Set environment variables:
```
DP_CLUSTER=Dataproc on GKE  cluster-name \
  REGION=region \
  GKE_CLUSTER=GKE cluster-name \
  BUCKET=Cloud Storage bucket-name \
  DP_POOLNAME=node pool-name
  PHS_CLUSTER=Dataproc PHS server name
```
Notes:
- DP_CLUSTER: Set the Dataproc virtual cluster name, which must start with a lowercase letter, followed by up to 54 lowercase letters, numbers, or hyphens. It and cannot end with a hyphen.
- REGION: The region must be the same as the region where the GKE cluster is located.
- GKE_CLUSTER: The name of your existing GKE cluster.
- BUCKET: (Optional) You can specify the name of a Cloud Storage bucket, which Dataproc will use to stage artifacts. If you do not specify a bucket, Dataproc on GKE will create a staging bucket.
- DP_POOLNAME: The name of a node pool to create on the GKE cluster.
- PHS_CLUSTER: (Optional) Dataproc PHS Server to use to view Spark job history on active and deleted Dataproc on GKE clusters. The PHS cluster must be located in the same region as the Dataproc on GKE virtual cluster.
Run the command:
```
gcloud dataproc clusters gke create ${DP_CLUSTER} \
    --region=${REGION} \
    --gke-cluster=${GKE_CLUSTER} \
    --spark-engine-version=latest \
    --staging-bucket=${BUCKET} \
    --pools="name=${DP_POOLNAME},roles=default" \
    --setup-workload-identity \
    --history-server-cluster=${PHS_CLUSTER}
```
Notes:
- --spark-engine-version: The Spark image version used on the Dataproc cluster. You can use an identifier, such as 3, 3.1, or latest, or you can specify the full subminor version, such as 3.1-dataproc-5.
- --staging-bucket: Delete this flag to have Dataproc on GKE create a staging bucket.
- --pools: This flag is used to specify a new or existing node pool that Dataproc will create or use to perform the workload. List Dataproc on GKE node pool settings, separated by commas, for example:
```
--pools=name=dp-default,roles=default,machineType=e2-standard-4,min=0,max=10
```
  You must specify the node pool name and role. Other node pool settings are optional. You can use multiple --pools flags to specify multiple node pools. At least one node pool must have the default role. All node pools must have the same location.
- --setup-workload-identity: This flag enables Workload Identity bindings. These bindings allow the Kubernetes service accounts (KSAs) to act as the default Dataproc VM Service Account (Data Plane identity) of the virtual cluster.
  You need elevated permissions to set workload identity on a Google service account (GSA) (see Dataproc on Google Kubernetes Engine IAM Permissions). To use your own GSA with your Dataproc on GKE virtual cluster, see Custom IAM configuration.

REST

Complete a virtualClusterConfig as part of a Dataproc API cluster.create request.
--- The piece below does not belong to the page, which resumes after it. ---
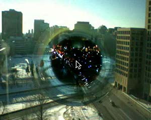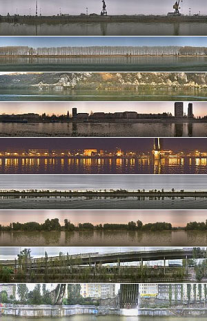 Mitchell Whitelaw is an academic, writer and artist who created these two slit-scan based data visualizations of the sky and street in Canaberra, Australia. Included in his "Watching the Sky" page is an essay he wrote for the UK Journal "Photographies" which looks at how we interpret pattern and change in the environment, and the role of data in that process. The circular image abuve uses slit-scanning to map the brightness of the sky throughout the cycle of a day, while the lower image compiles ten thousand images of a Canberra streetfront, one image per minute for over a week, into a navigable interface.

Before using any of the request data, make the following replacements:

PROJECT: Google Cloud project ID
REGION: Dataproc virtual cluster region (same region as the existing GKE cluster region)
DP_CLUSTER: Dataproc cluster name
GKE_CLUSTER: GKE cluster name
NODE_POOL: Node pool name
PHS_CLUSTER: Persistent History Server (PHS) cluster name
BUCKET: (Optional) Staging bucket name. Leave this empty to have Dataproc on GKE create a staging bucket.

HTTP method and URL:

POST https://dataproc.googleapis.com/v1/projects/project-id/regions/region/clusters

Request JSON body:

{
  "clusterName":"DP_CLUSTER",
  "projectId":"PROJECT",
  "virtualClusterConfig":{
    "auxiliaryServicesConfig":{
      "sparkHistoryServerConfig":{
        "dataprocCluster":"projects/PROJECT/regions/REGION/clusters/PHS_CLUSTER"
      }
    },
    "kubernetesClusterConfig":{
      "gkeClusterConfig":{
        "gkeClusterTarget":"projects/PROJECT/locations/REGION/clusters/GKE_CLUSTER",
        "nodePoolTarget":[
          {
"nodePool":"projects/PROJECT/locations/REGION/clusters/GKE_CLUSTER/nodePools/NODE_POOL",
            "roles":[
              "DEFAULT"
            ]
          }
        ]
      },
      "kubernetesSoftwareConfig":{
        "componentVersion":{
          "SPARK":"latest"
        }
      }
    },
    "stagingBucket":"BUCKET"
  }
}

To send your request, expand one of these options:

curl (Linux, macOS, or Cloud Shell)

Note: The following command assumes that you have logged in to the gcloud CLI with your user account by running gcloud init or gcloud auth login , or by using Cloud Shell, which automatically logs you into the gcloud CLI . You can check the currently active account by running gcloud auth list.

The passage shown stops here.